Я ожидаю, что сейчас Шон вступит в разговор, но он молчит. Смотрю в его сторону и вижу, что парень прислонил голову к окну и закрыл глаза. Наверное, спит.

– Мы тебя еще не напугали окончательно? – интересуется Арт. – Уверен, в твоих планах не было записи «тусить», – он изображает в воздухе кавычки, – с кучкой незнакомцев в угнанной машине.

– Уверена, что с удовольствием бы прочитала, что «было в моих планах», но кое-кто выкинул мой смартфон в окно.

Я смотрю на Ника испепеляющим взглядом, но он не поворачивается.

– Не обращай на него внимания, – говорит Арт и тут же, подмигивая, добавляет: – Пусть это будет нашим маленьким секретом: он просто не умеет им пользоваться.

Ник цокает, и я на этот раз не сдерживаю улыбку.

Мы проезжаем знак, на котором светоотражающей краской вспыхивает надпись, что до Воркингтона две мили, и останавливаемся у первой гостиницы, расположенной недалеко от трассы. Небольшие двухэтажные домики, раскиданные среди многовековых деревьев больше напоминают летний лагерь, чем отель, и парни, оценив это место как безопасное и удобное в случае внезапного отступления, остаются довольны выбором.

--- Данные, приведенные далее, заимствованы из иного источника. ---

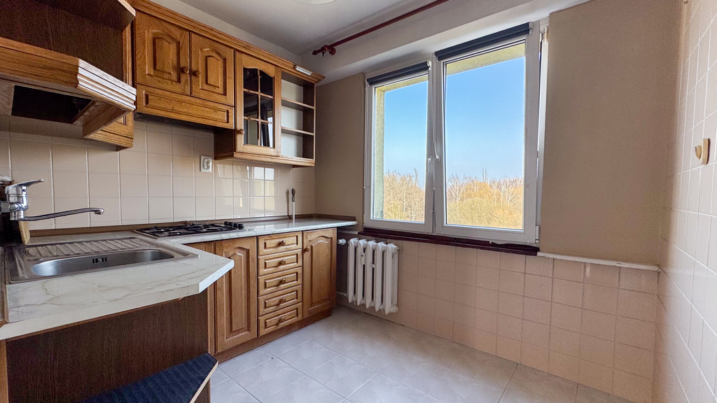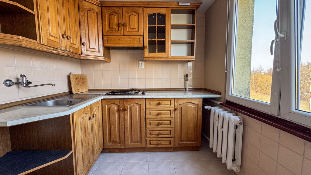 oddzielna, widna kuchnia z wyposażeniem (meble, płyta gazowa, zlewozmywak),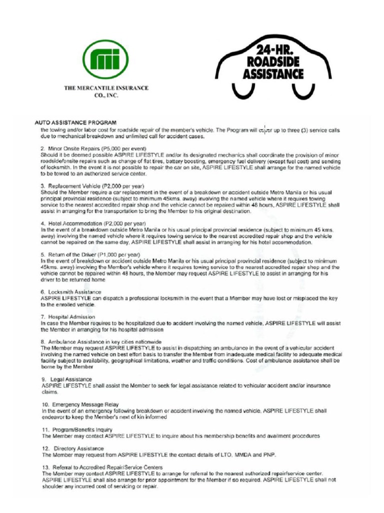 The Mercantile Insurance Co Inc 24 7 Road Assistance Pdf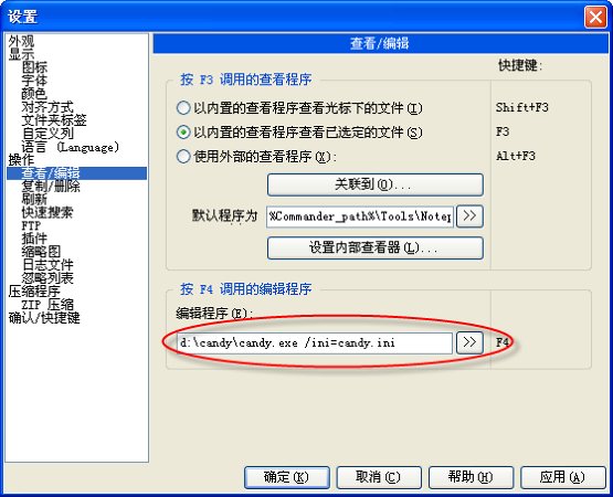对未被定义文件类型的操作。注:如果在后面设置了独立的文件格式,比如txt,那么对txt文件调用Candy时,将不再使用AnyFile的配置。即:AnyFile的设置只针对配置文件里没有设置独立插件的后缀名。 AnyFile="c:\Program Files\Notepad++\notepad++.exe" |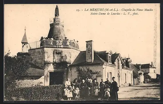 AK La Ménitré, Chapelle du Vieux Moulin Notre-Dame de Lourdes, groupe de personnes devant la chapelle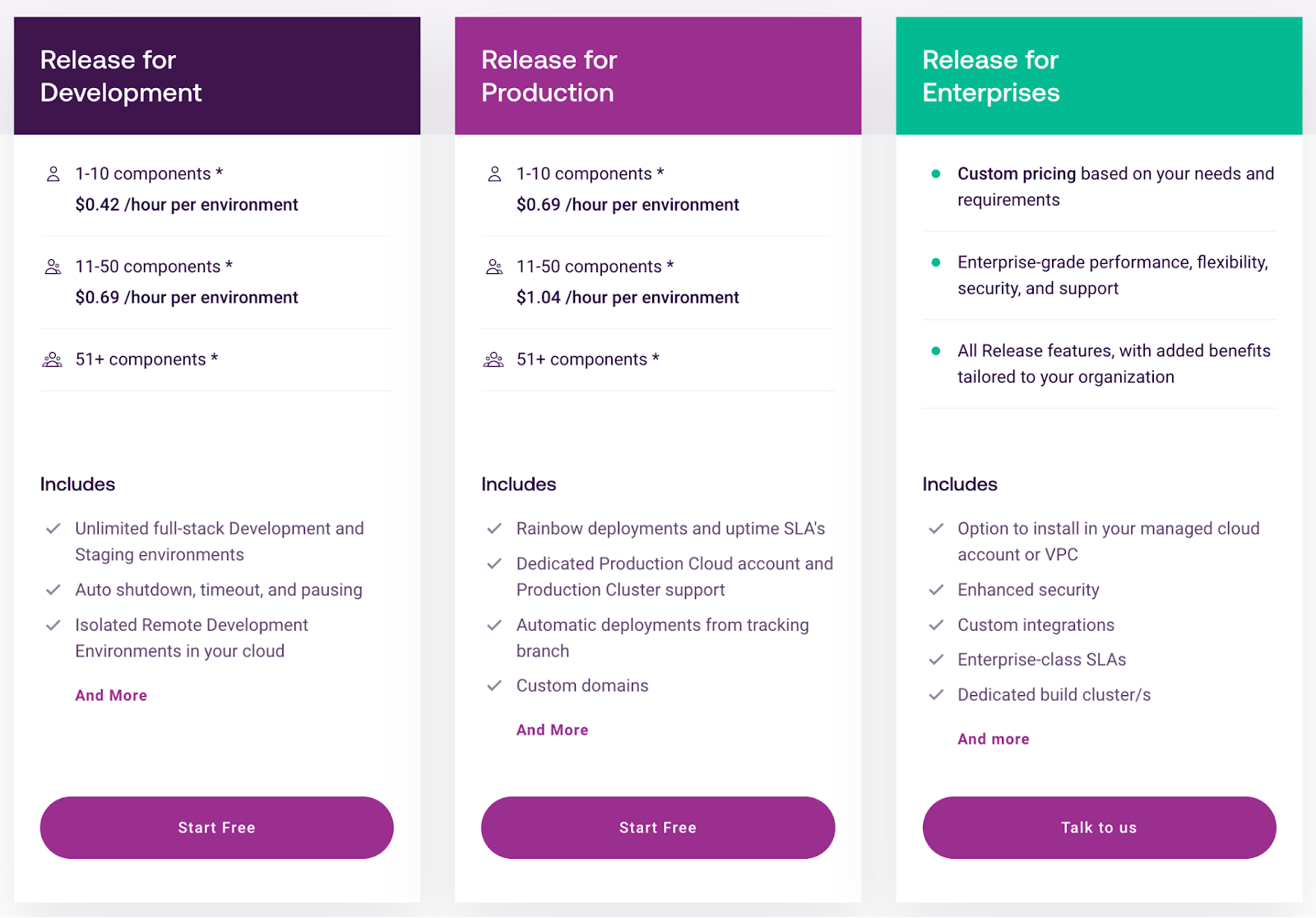 Bunnyshell vs Release.com Pricing

Шон просыпается, только когда машина останавливается. Арт выходит на улицу узнать о свободных номерах. Я нервно ерзаю, тянусь к своему парню и шепчу:

– Шон?

Потирая глаза, он наклоняется ближе:

– Да?

– Я не могу сложиться за гостиницу. У меня при себе нет наличных. Только карточки, но ими же нельзя нигде расплачиваться, верно? Давай я потом отдам тебе.

– Что? Ох, не переживай. Мы же вроде как вместе, – смущенно отвечает он.

А я почему-то краснею.

Арт с Шоном регистрируются, называя вымышленные имена. Мы с Ником ждем у входа в гостиницу.

– Номера 12 и 14, – говорит Шон, поднимая затертые и поцарапанные карточки, на которых висят металлические ключи.

– Наш двенадцатый, это же самое лучшее число! – вырывая один из брелков, восклицает Артур, и в ответ на наши недоуменные взгляды, добавляет: – Вы что, не знали, только в НБА под этим номером играло 327 спортсменов! А еще в НХЛ считается…

– Идем, Виола, – перебивает Шон.

И я, пожав плечами, мол, рада была бы дослушать, да не судьба, послушно шагаю следом.

Шон открывает дверь, пропуская меня внутрь первой. Я на ощупь нахожу выключатель прямо у входа, и крошечный номер заливает тусклый желтый свет. В центре стоят две односпалки, застеленные полинявшими покрывалами, и я с облегчением выдыхаю. Спать в одной постели с парнем я пока не готова. Кресло приютилось в углу возле широкого окна в пол, а напротив кроватей – узкая тумба с телевизором.

– Ну, какие у тебя есть мысли на счет происходящего? – произносит Шон, закрывая дверь. Он проходит внутрь комнаты, снимает куртку и аккуратно складывает ее на покрывало.

Я бросаю на него беглый взгляд и тут же, застуканная на месте преступления, опускаю голову, отгораживаясь стеной собственных волос. С идеальной осанкой и широкими плечами он даже в простой рубашке и джинсах выглядит как модель. Стоит взглянуть на этого парня, как в животе скручивается клубок, и я не уверена – от голода ли, адреналина, бушующего до сих пор в крови, или того впечатления, которое он на меня производит. Но отмечаю, что это даже… приятно.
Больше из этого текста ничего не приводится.